V. Die Parameter des Verfassungsrechts können gerne bedacht werden, wenn nun wieder die Ministerpräsidenten und das Kanzleramt konferieren – sie sind übrigens nicht identisch mit der sehr verkürzten Kontrollfrage, ob das Bundesverfassungsgericht der Regierung in den Arm fällt. Im verfassungsrechtlichen Sinn wäre aus Gründen des Gleichheitssatzes wie der Verhältnismäßigkeit zumindest notwendig, den Faktor „Volksinzidenz“ endlich zu überwinden – auch wenn das Arbeit macht. Sonst gehen im Herbst 2021 viele von der Fahne, die bisher treu, oft ohne eigenen Nutzen und vielfach auch kopfschüttelnd dieses Land vor Ort durch die Krise gebracht haben.


SUGGESTED CITATION  Wißmann, Hinnerk: „Nicht niemals“ – Mit der Infektion leben, VerfBlog, 2021/8/03, https://verfassungsblog.de/nicht-niemals-mit-der-infektion-leben/, DOI: 10.17176/20210804-020843-0.

11 Comments

  1. Frank Brennecke Tue 3 Aug 2021 at 15:46 - Reply

    Danke. Es tut gut, an dieser Stelle immer wieder Analysen zu lesen, die fernab vom täglichen Auf und Ab der Leitmedien die Lage kühl vom verfassungsrechtlichen Standpunkt aus betrachten.
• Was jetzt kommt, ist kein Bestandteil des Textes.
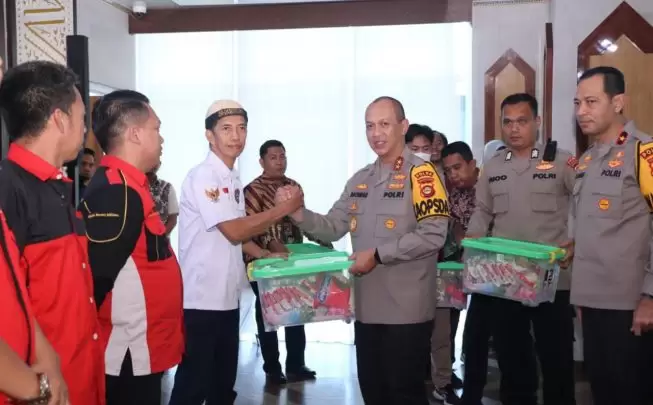 Palembang, Sumselupdate.com – Jelang memperingati Hari Buruh Sedunia, Polda Sumsel salurkan 2.000 paket sembako terhadap perwakilan sejumlah organisasi buruh yang ada di Sumatera Selatan, Jumat (28/04).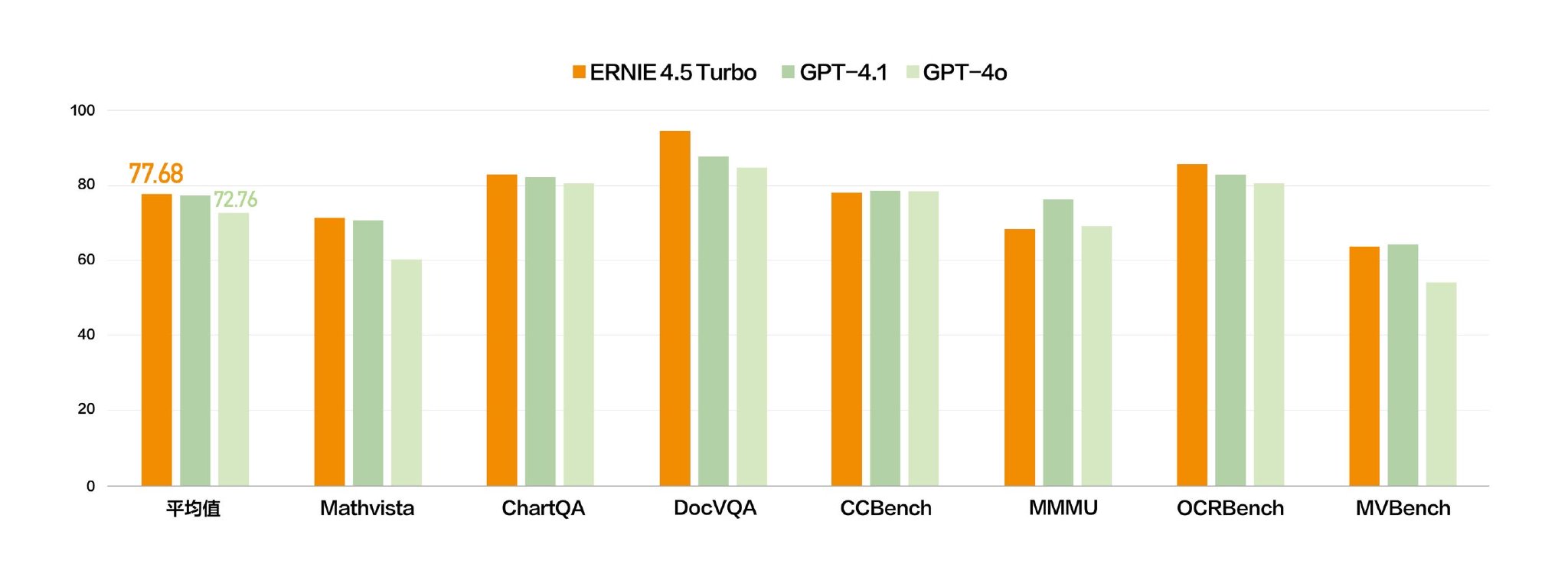“多模态将成为未来基础模型的标配,纯文本模型的市场会越变越小,多模态模型的市场会越来越大”。基于这样的判断,文心大模型4.5 Turbo和X1 Turbo都进一步增强了多模态能力。在多个基准测试集中,文心4.5 Turbo多模态能力与GPT 4.1持平、优于GPT 4o。

Ich gehöre selbst zu jener Gruppe, die Einschränkungen mitgetragen hat, um mit den Impfungen letztlich an den Punkt zu gelangen, an dem wir unser gemeinschaftliches Leben weitgehend wieder eigenverantwortlich führen können. Nur ist dieser Punkt nach wie vor nicht fixiert oder wenigstens ungefähr umrissen. Daher teile ich auch die Einschätzung, dass im Herbst einige oder viele “von der Fahne” gehen werden und die bestehenden Regeln für sich selbst in Eigenregie außer Kraft setzen.

  2. Matthias Friehe Tue 3 Aug 2021 at 17:19 - Reply

    Vielen Dank für diese überzeugende Positionierung. Zu Beginn der Pandemie und bis zur ausreichenden Versorgung mit Impfstoffen haben mich die Maßnahmen grosso modo überzeugt. Manche verfassungsrechtliche Kritik hieran schien mir an den Nöten einer Regierung, die für die Gesundheit der Bevölkerung verantwortlich ist, vorbeizugehen. Das habe ich sehr deutlich so gesagt, auch zu einem Beitrag von Herrn Wißmann aus dieser Zeit.

    Die Impfstoffversorgung ist aber in der Tat der entscheidende “Kipp-Punkt”. Unter diesen geänderten Umständen lassen sich allgemeine Beschränkungsmaßnahmen kaum noch rechtfertigen. Mit dem Grundgesetz ist eine Dauerverstetigung allgemeiner erheblicher Grundrechtseinschränkung nicht zu machen, zumal wenn andere Abhilfe besteht. Vor diesem Hintergrund kann eine Impfpflicht in der Tat nicht apodiktisch ausgeschlossen werden. Jedenfalls sind allgemeine Beschränkungsmaßnahmen vorrangig an Ungeimpfte (mit Ausnahme von Kindern) zu richten.

    Insofern kann ich den Schlusssatz des Beitrags nur unterstreichen.